Problem details: Through to the final line, write out the records below exactly, omitting any images they contain.

Data for review:
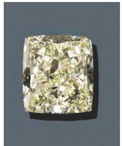
2071 Diamant non monté 20.15 carats, Fancy Light Yellow / VVS2.
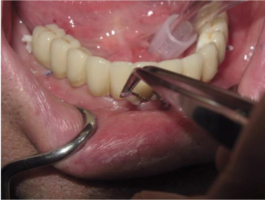
Slika 4. Skidanje končića nakon trajnog cementiranja staklenoionomernim cementom.
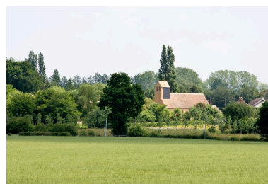
L'église paroissiale vue depuis le hameau de l'Angellerie.
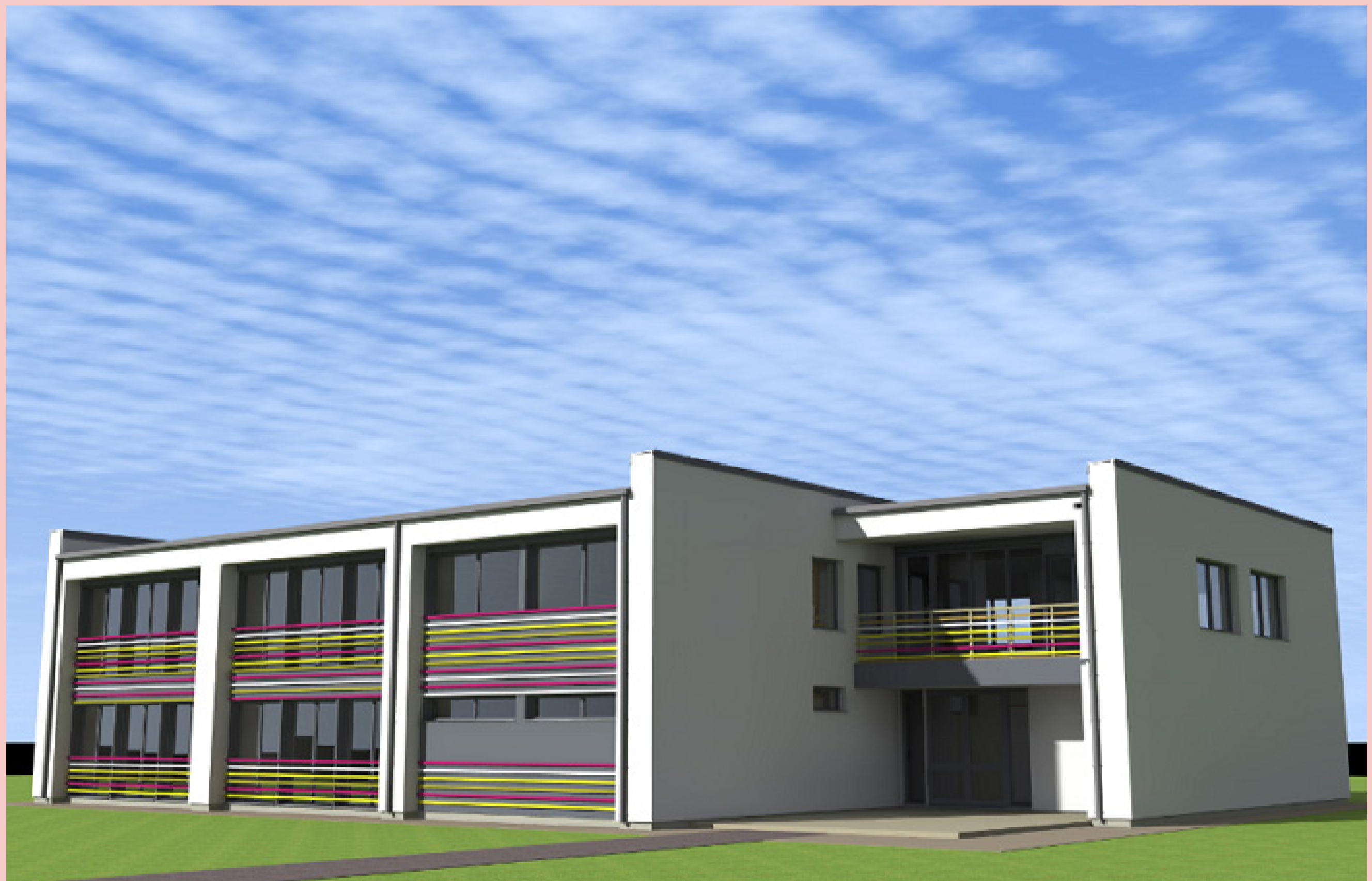
Tulevane Remniku maja
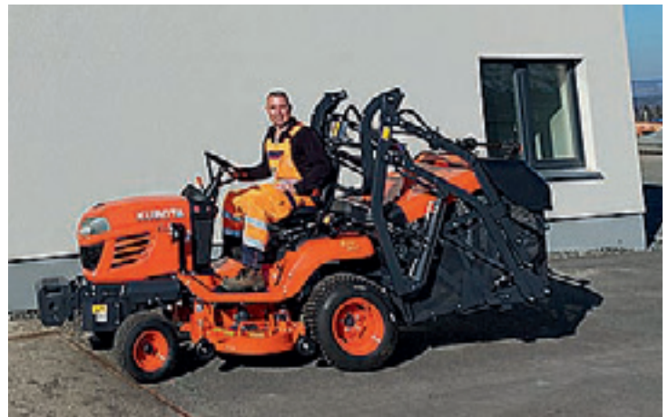
Seit Anfang März ist der Stadtbauhof in Besitz eines Kubota Rasentraktors G 23.
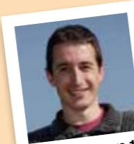
amb el número 1

Va ser delegada de personal de CCOO de 1996 al 2006 en el servei de neteja municipal.
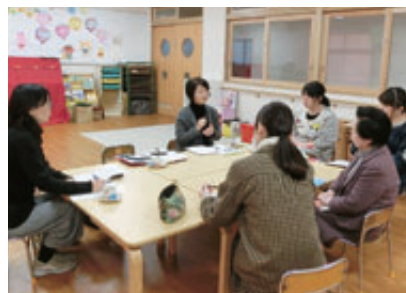
幼児教育アドバイザーによる訪問研修

子どもたちの人格形成に大切な幼児期の教育を充実するため、昨年4月、「幼児教育センター」を設置しました。子どもたちの、目標に向かってがんばる力や協調性などを育成するため、幼児教育の内容や指導方法の検討を進めるとともに、幼児教育アドバイザーが幼稚園や保育所、認定子ども園を訪問し、子どもたちの姿を通して保育者の接し方を学び研修を行っています。
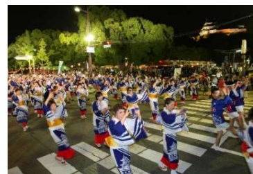
壮麗なおどり風景
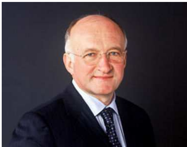
Daniel Bouton

La Société Générale a mis en place un régime de retraite supplémentaire au bénéfice de ses cadres de direction. Daniel Bouton profite bien évidemment de ce système auquel la banque cotise, année après année. Au 1er janvier 2007, Daniel Bouton avait accumulé des droits à pension équivalents à plus de 20% de sa rémunération, soit 700.000 euros.

Your response:
2071 Diamant non monté 20.15 carats, Fancy Light Yellow / VVS2.
Slika 4. Skidanje končića nakon trajnog cementiranja staklenoionomernim cementom.
L'église paroissiale vue depuis le hameau de l'Angellerie.
Tulevane Remniku maja
Seit Anfang März ist der Stadtbauhof in Besitz eines Kubota Rasentraktors G 23.
amb el número 1

Va ser delegada de personal de CCOO de 1996 al 2006 en el servei de neteja municipal.
幼児教育アドバイザーによる訪問研修

子どもたちの人格形成に大切な幼児期の教育を充実するため、昨年4月、「幼児教育センター」を設置しました。子どもたちの、目標に向かってがんばる力や協調性などを育成するため、幼児教育の内容や指導方法の検討を進めるとともに、幼児教育アドバイザーが幼稚園や保育所、認定子ども園を訪問し、子どもたちの姿を通して保育者の接し方を学び研修を行っています。
壮麗なおどり風景
Daniel Bouton

La Société Générale a mis en place un régime de retraite supplémentaire au bénéfice de ses cadres de direction. Daniel Bouton profite bien évidemment de ce système auquel la banque cotise, année après année. Au 1er janvier 2007, Daniel Bouton avait accumulé des droits à pension équivalents à plus de 20% de sa rémunération, soit 700.000 euros.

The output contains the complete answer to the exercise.